Hannah Beatrice, campaign manager for Marmalade Trust, which organises Loneliness Awareness Week (taking place on 15-21 June), emphasises the complexity of the issue. “Loneliness is a natural human emotion, but there’s still stigma and shame around this feeling that can stop us from understanding it and talking about it,” she explains. “We have a picture in our heads of what loneliness is—an older person living on their own, or someone who has very few friends. As such, we often rebuke and dismiss feelings of loneliness because ‘that doesn’t apply to me’. In reality, loneliness is a feeling we are all likely to experience at some point in our lives.”
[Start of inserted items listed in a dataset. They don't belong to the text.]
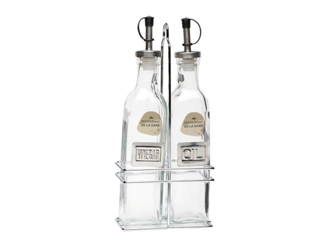 Square Glass Oil & Vinegar With Chrome Stand
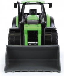 A robust children's tractor with a front loader in the DEUTZ FAHR Agrotron design impresses with realistic detailing at a 1:15 scale. It features a functional front bucket, is made of high-quality plastic, and is suitable for indoor and outdoor play. Length 45 cm.
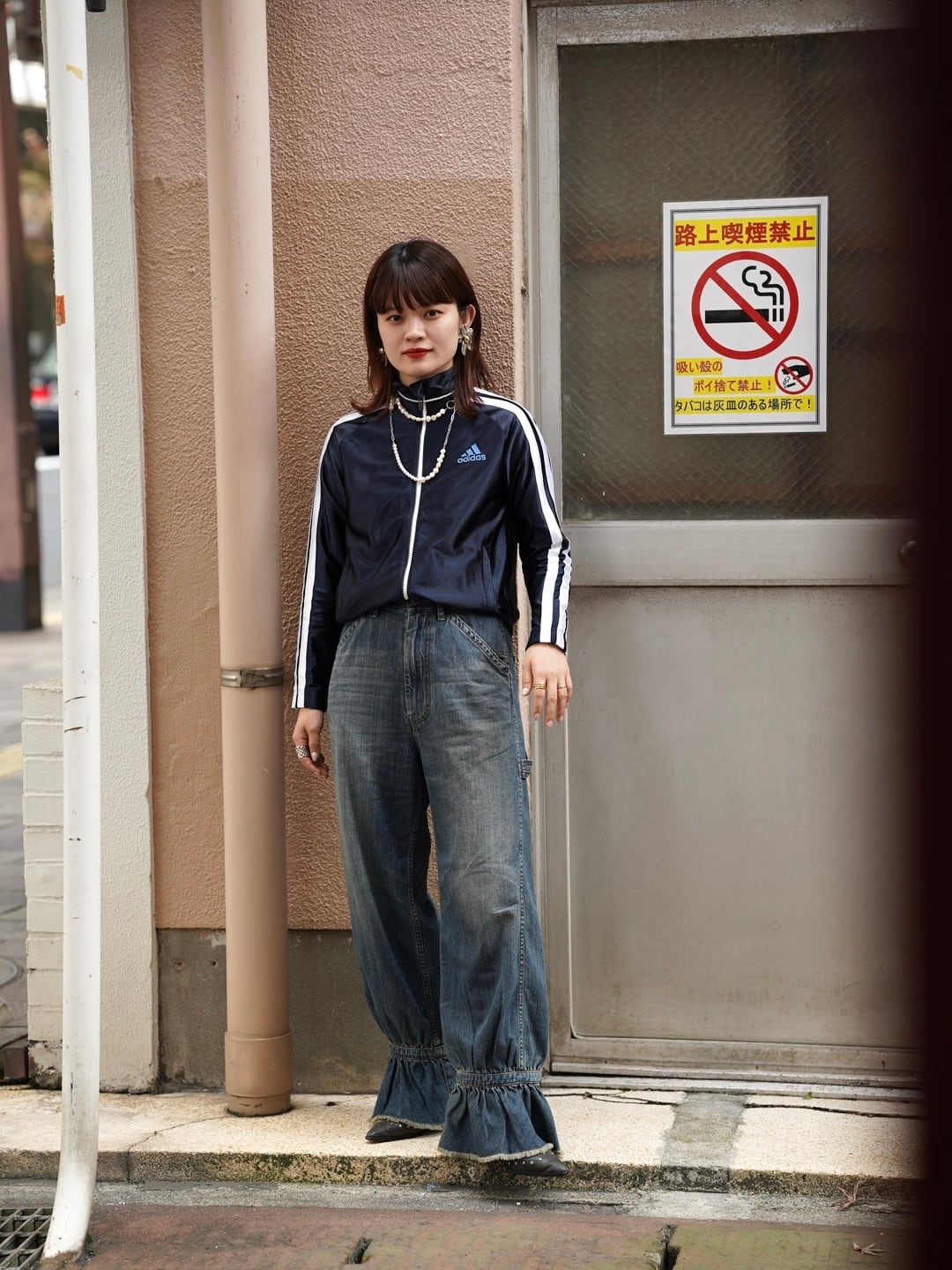 USEDのデニムパンツとUSEDゴブラン生地を再構築して仕立てた、唯一無二のリメイクデニム。
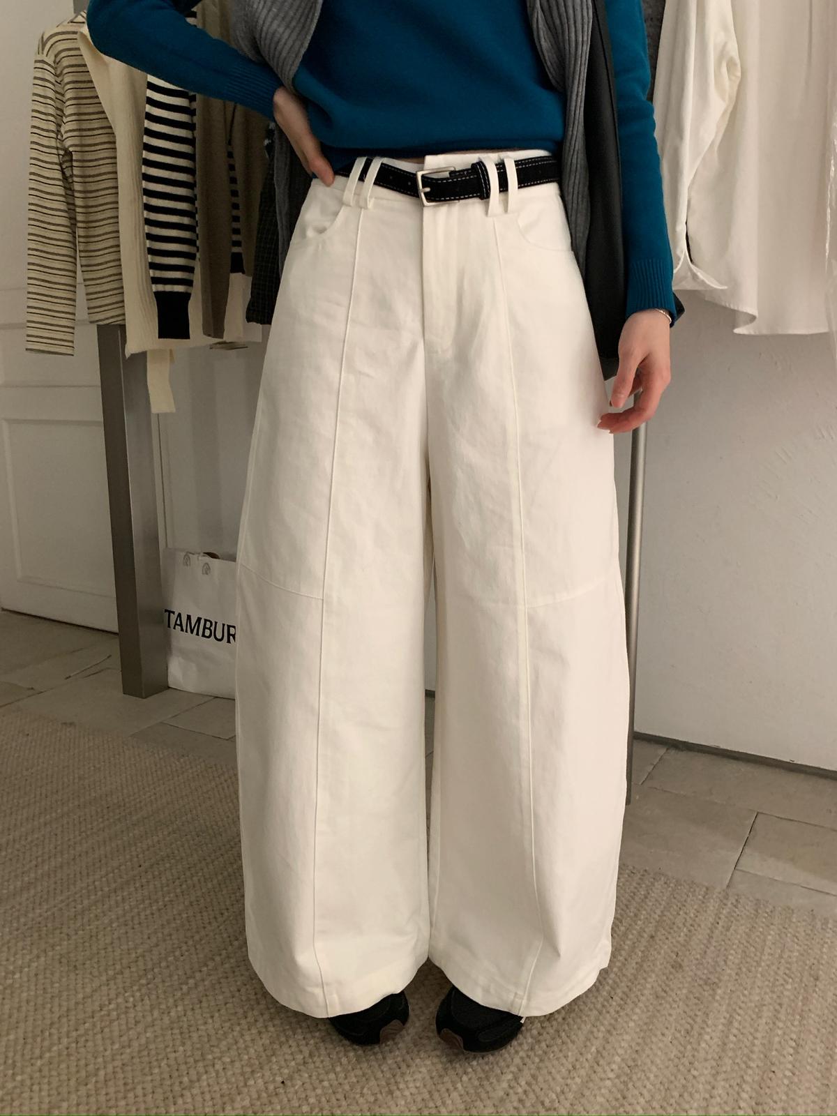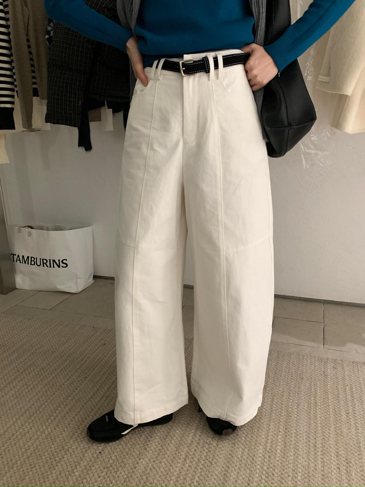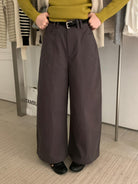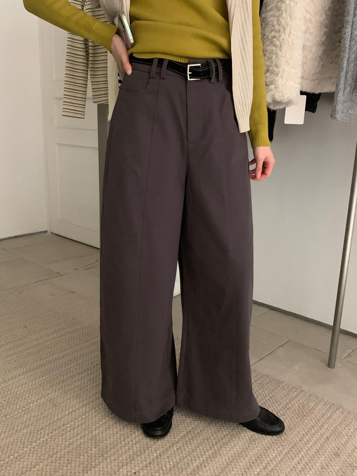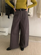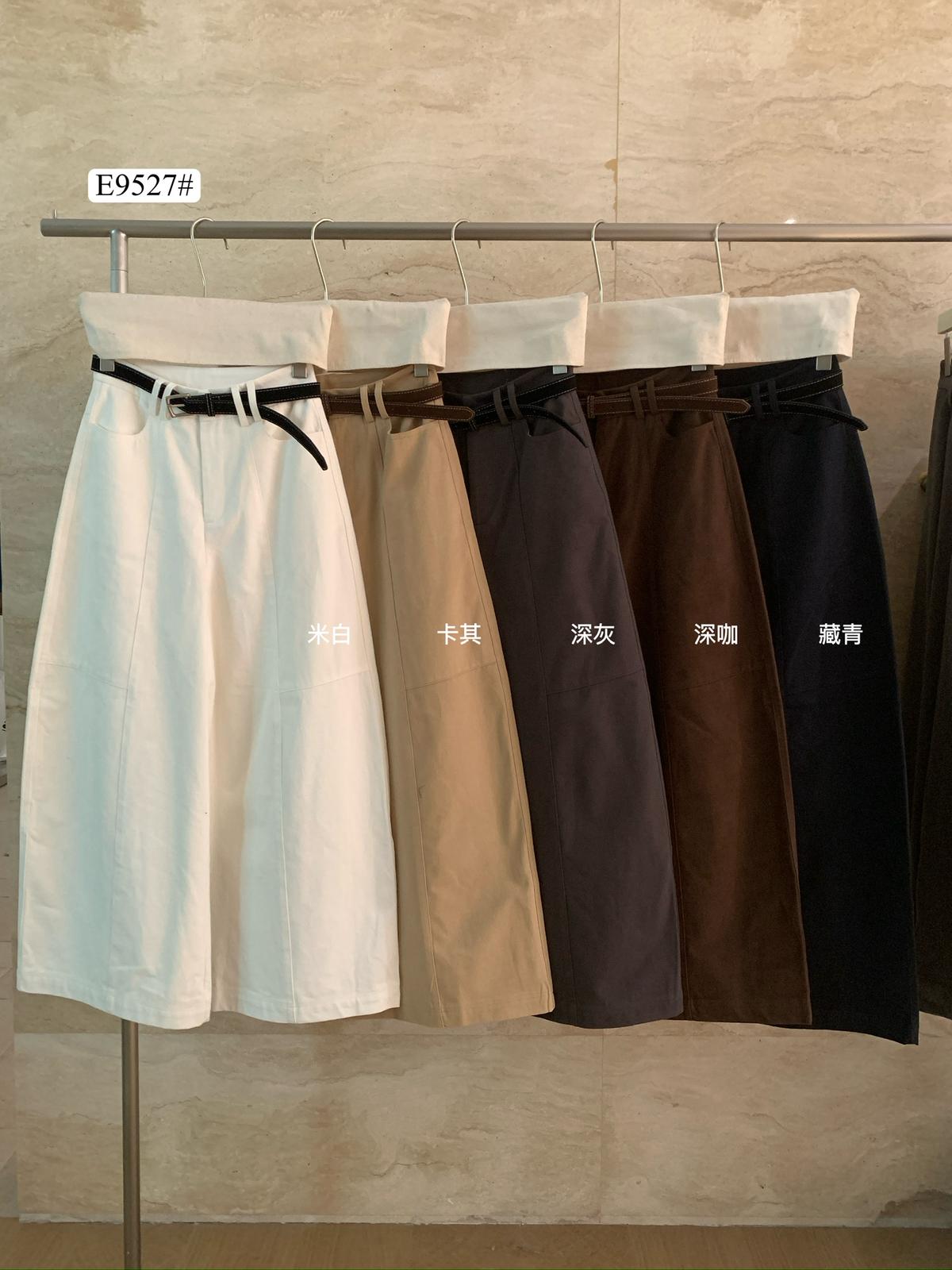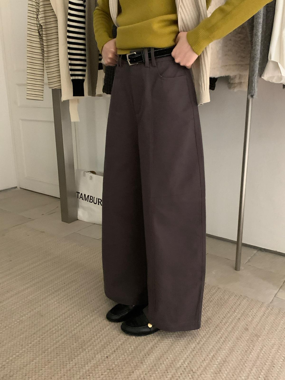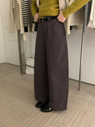 【C8162】簡約高腰磨毛絨感闊腿彎刀型休閒褲(配腰帶)
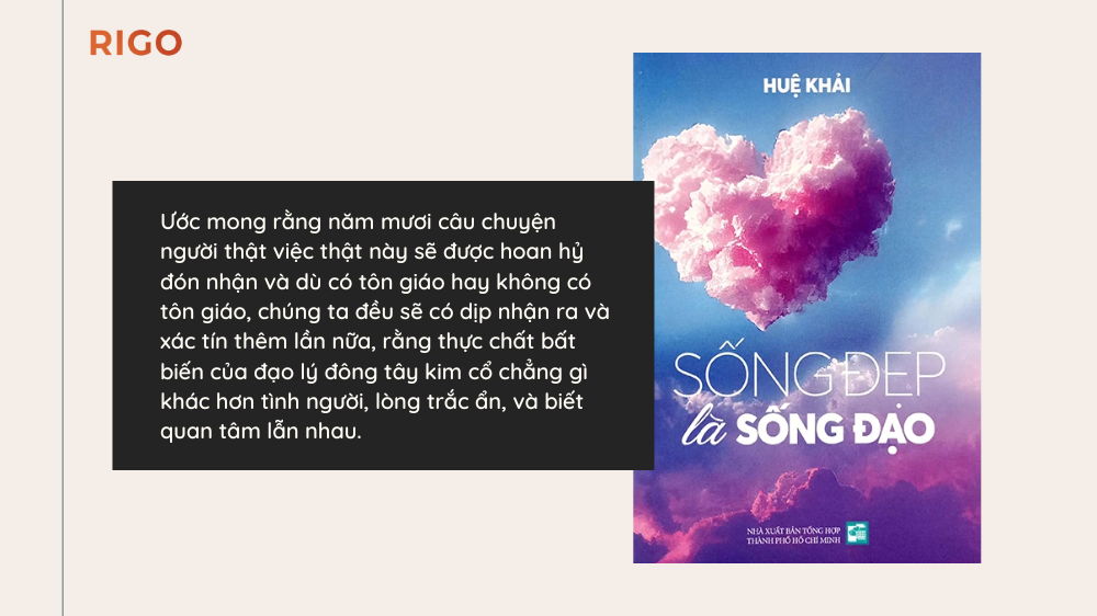 Ước mong rằng năm mươi câu chuyện người thật việc thật này sẽ được hoan hỷ đón nhận và dù có tôn giáo hay không có tôn giáo, chúng ta đều sẽ có dịp nhận ra và xác tín thêm lần nữa, rằng thực chất bất biến của đạo lý đông tây kim cổ chẳng gì khác hơn tình người, lòng trắc ẩn, và biết quan tâm lẫn nhau.

These feelings, however, should not be ignored. “Loneliness doesn’t just affect how we feel emotionally; it can impact our physical and mental health, too,” Hannah points out. “Yet research from the World Health Organisation suggests that one in five employees experience loneliness during a typical working day.”
In this light, Loneliness Awareness Week aims to reduce stigma by fostering supportive communities through conversations about loneliness. Because sometimes the most important step isn’t finding a co-working space, but simply acknowledging how you’re feeling without shame or embarrassment.
The way forward
Five years on from the pandemic, and the results are in. Working from home has a lot to recommend it, but loneliness is a serious problem that can’t be swept under the carpet.
As creativity coach Ben Tallon reminds us: “Creativity is a shared condition. It is contagious. No individual success is achieved alone.” Some things, it turns out, just work better when we’re not entirely by ourselves.
For creative professionals especially, that means balancing the freedom of solitude with the vital energy that comes from being, occasionally and intentionally, in the same room as other humans.
It means that if you’re feeling lonely, it’s important to recognise and acknowledge it to others, without embarrassment or stigma. And it’s about recognising that productivity needs to be balanced with connection, for our careers as much as for our emotional wellbeing.